Digital Currency Group Suspends Payouts To Maintain Liquidity
In an effort to maintain its existing level of liquidity, the venture capital company Digital Currency Group (DCG) has informed its shareholders that it would temporarily suspend the payment of its quarterly dividends until further notice.
In the letter that was sent to shareholders on January 17, the primary objective of the company is to improve the quality of our balance sheet by lowering operational expenditures and maintaining a sufficient level of liquidity.
DCG said that it was also mulling over the possibility of selling some of the assets included within its portfolio.

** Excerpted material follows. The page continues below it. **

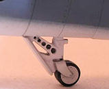 I drilled the lightening holes deeper in the tail wheel strut and added one near the top that Eduard left off. The kit tire is the proper solid rubber one usually seen aboard aircraft carriers.

The company’s financial problems stem from the difficulties experienced by one of its subsidiaries, a cryptocurrency broker known as Genesis Global Trading. According to reports, Genesis Global Trading owes its creditors more than $3 billion.

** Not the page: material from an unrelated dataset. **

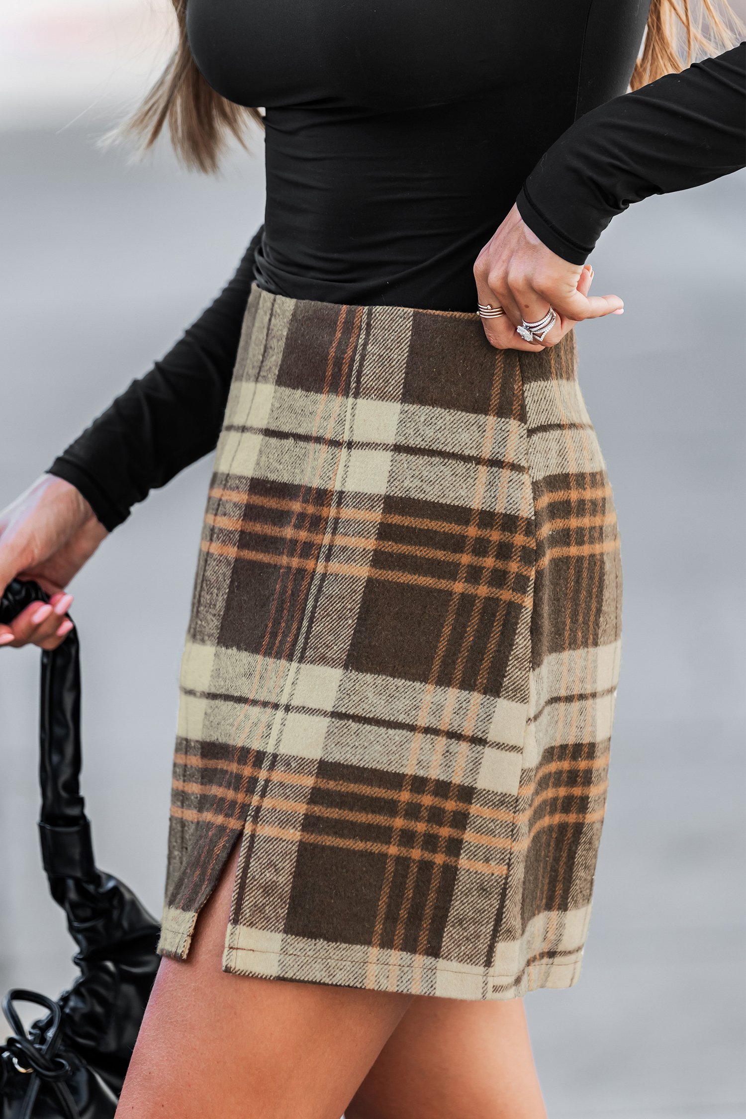 La minifalda a cuadros Caramel Drizzle es coqueta y perfecta para la diversión otoñal. De cintura alta y abertura lateral, es perfecta para combinar con prendas de punto abrigadas o tus botas favoritas.

Due to the fact that Genesis has disabled its customers’ ability to withdraw funds since November 16, Cameron Winklevoss, on behalf of his exchange Gemini and its users who have funds on Genesis, has written an open letter to the board of directors of DCG requesting that Barry Silbert be removed from his position as CEO of the company. The letter was published on January 10.
Winklevoss claims that Gemini is owed a total of $900 million by Genesis for money that were leased to Genesis as part of Gemini’s Earn program. This program gives clients the opportunity to earn an annual return of up to 7.4% on their investments. Winklevoss also said that DCG owed Genesis a total of $1.675 billion, although Silbert refuted this assertion.

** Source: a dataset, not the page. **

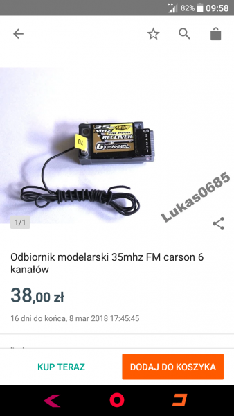 Witam, znajomy przywiózł mi znaleziony na złomowisku nadajnik. był cały brudny i się lepił w jakimś kleju czy innym smarze. Rozebrałem na części pierwsze, elektronikę wysuszyłem obudowy wymyłem, wszystko ładnie poskładałem. Po podaniu zasilania włącza się i wykazuje że baterie są w pełni naładowane (zasilacz ATX 12V). W nadajniku siedzi kwarc 78 FM TX 35.180 . Pytanie: Jaki należy dokupić odbiornik do tego nadajnika aby to zadziałało ? Może być jaki kolwiek odbiornik 35 MHz i komplet kwarcy czy jakiś dedykowany odbiornik E-Sky ? Pozdrawiam. -

Both companies were charged on January 12 by the United States Securities and Exchange Commission (SEC) for marketing unregistered securities via the Earn program. Winklevoss’s letter had only just been sent when the SEC threw gasoline on the flames by adding the charges.
The difficulties with Genesis were not discovered until after the withdrawal stop on November 16, which the company blamed on the extreme market instability that followed the collapse of FTX and was the cause of abnormally high amounts of withdrawals.
On November 10, less than a week earlier, Genesis disclosed that it had around $175 million stranded on FTX. As a direct consequence of this revelation, DCG sent Genesis an emergency equity injection of $140 million in an effort to remedy the company’s liquidity concerns.